Re: [PATCH 08/11] fuse: Support fuse filesystems outside of init_user_ns
From: Miklos Szeredi
Date: Tue Feb 13 2018 - 05:20:16 EST
On Mon, Feb 12, 2018 at 5:35 PM, Eric W. Biederman
<ebiederm@xxxxxxxxxxxx> wrote:
> Miklos Szeredi <mszeredi@xxxxxxxxxx> writes:
>
>> On Fri, Dec 22, 2017 at 3:32 PM, Dongsu Park <dongsu@xxxxxxxxxx> wrote:
>>> From: Seth Forshee <seth.forshee@xxxxxxxxxxxxx>
>>>
>>> In order to support mounts from namespaces other than
>>> init_user_ns, fuse must translate uids and gids to/from the
>>> userns of the process servicing requests on /dev/fuse. This
>>> patch does that, with a couple of restrictions on the namespace:
>>>
>>> - The userns for the fuse connection is fixed to the namespace
>>> from which /dev/fuse is opened.
>>>
>>> - The namespace must be the same as s_user_ns.
>>>
>>> These restrictions simplify the implementation by avoiding the
>>> need to pass around userns references and by allowing fuse to
>>> rely on the checks in inode_change_ok for ownership changes.

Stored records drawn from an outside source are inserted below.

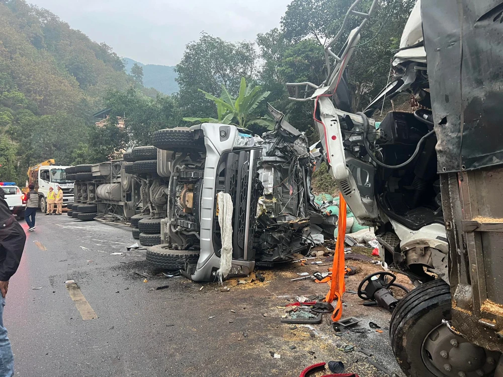 Sau tai nạn, cả hai xe lật nghiêng, biến dạng phần đầu và hư hỏng nặng, hai người trên xe đầu kéo tử vong tại chỗ, hai người trên ô tô tải bị thương.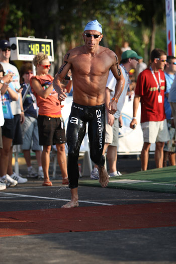 The transition between the swim and the bike can be hairy. Belinda Granger of Australia navigates this without a hitch.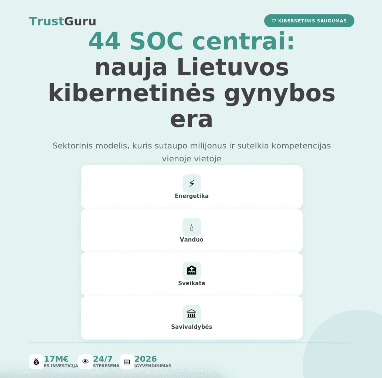 Sektoriniai SOC - tai strateginis Lietuvos žingsnis, kuriuo siekiama sukurti tvarią, centralizuotą ir efektyvią kibernetinės gynybos sistemą. Šis modelis padeda taupyti resursus, didina kompetencijos lygį ir leidžia užtikrinti vienodą saugumo standartą visame sektoriuje.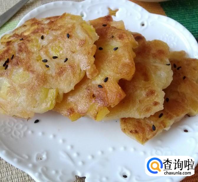 在锅里倒油,等油热了之后就开始用勺子舀一小勺红薯粒面糊,然后用锅铲压平,煎黄就可以起锅了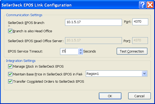 - ‘Integration Settings’ = Tick: ‘Manage Stock in SellerDeck Epos’ tick ‘Maintain Base Price in SellerDeck Epos in Field’ and select ‘Region 1’ from the drop down box. Tick ‘Transfer Completed Orders to SellerDeck Epos’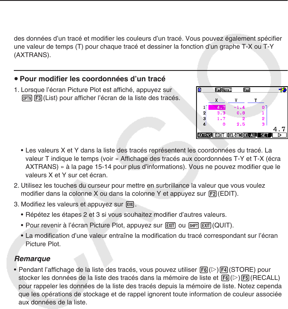 modifier dans la colonne X ou dans la colonne Y et appuyez sur 2(EDIT).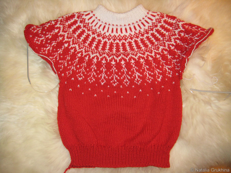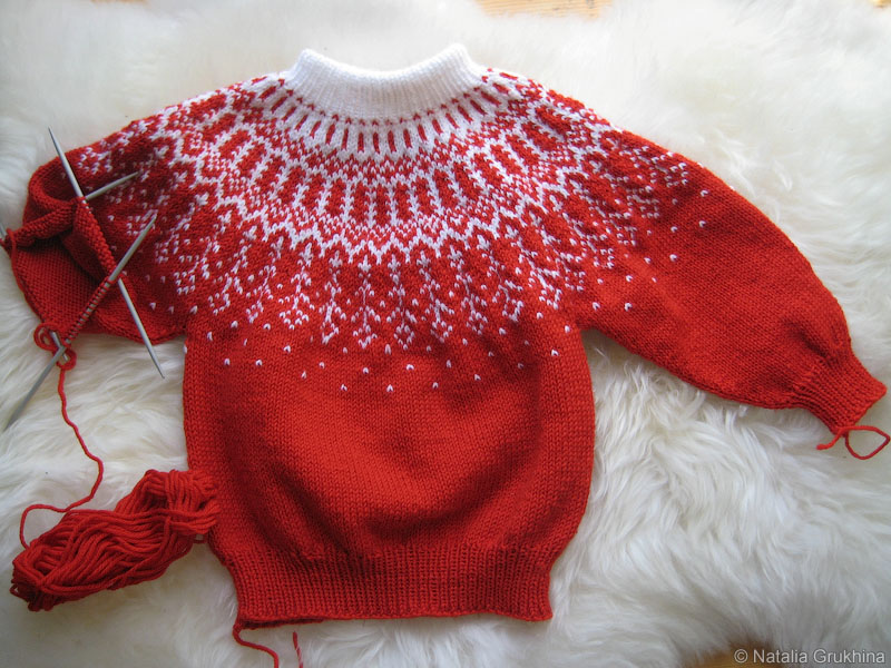 Благодаря интересному жаккардовому рисунку и круглой кокетке, неотъемлимому элементу норвежских свитеров, а также за счет красно-белого цветового решения, этот свитер смотрится очень актуально в зимний период, особенно в период новогодних праздников.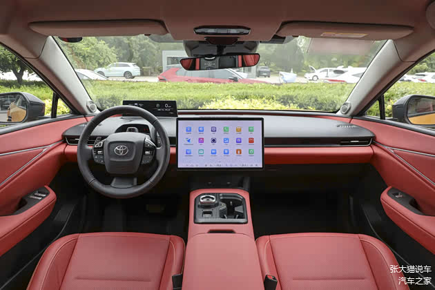 外观方面,bZ5延续丰田“锤头鲨”家族前脸,封闭式格栅搭配C形贯穿灯组,LED灯带衔接两侧锐角大灯,形成俯冲式视觉张力。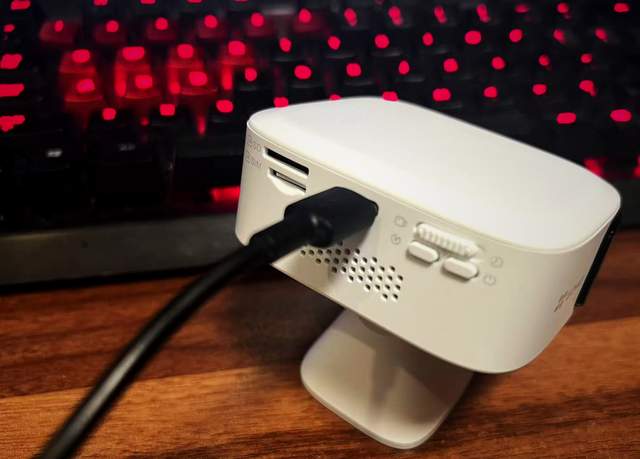 萤石小魔方CB60的主要控制按钮、扬声器和插槽都在机器背面,右上角分别是模式切换、reset、开关机按钮。

>>> Either restriction could be relaxed in the future if needed.
>>
>> Can we not introduce potential userspace interface regressions?
>>
>> The issue with pid namespaces fixed in commit 5d6d3a301c4e ("fuse:
>> allow server to run in different pid_ns") will probably bite us here
>> as well.
>
> Maybe, but unlike the pid namespace no one has been able to mount
> fuse outside of init_user_ns so we are much less exposed. I agree we
> should be careful.
Have to wrap my head around all the rules here.
There's the may_mount() one:
ns_capable(current->nsproxy->mnt_ns->user_ns, CAP_SYS_ADMIN)
Um, first of all, why isn't it checking current->cred->user_ns?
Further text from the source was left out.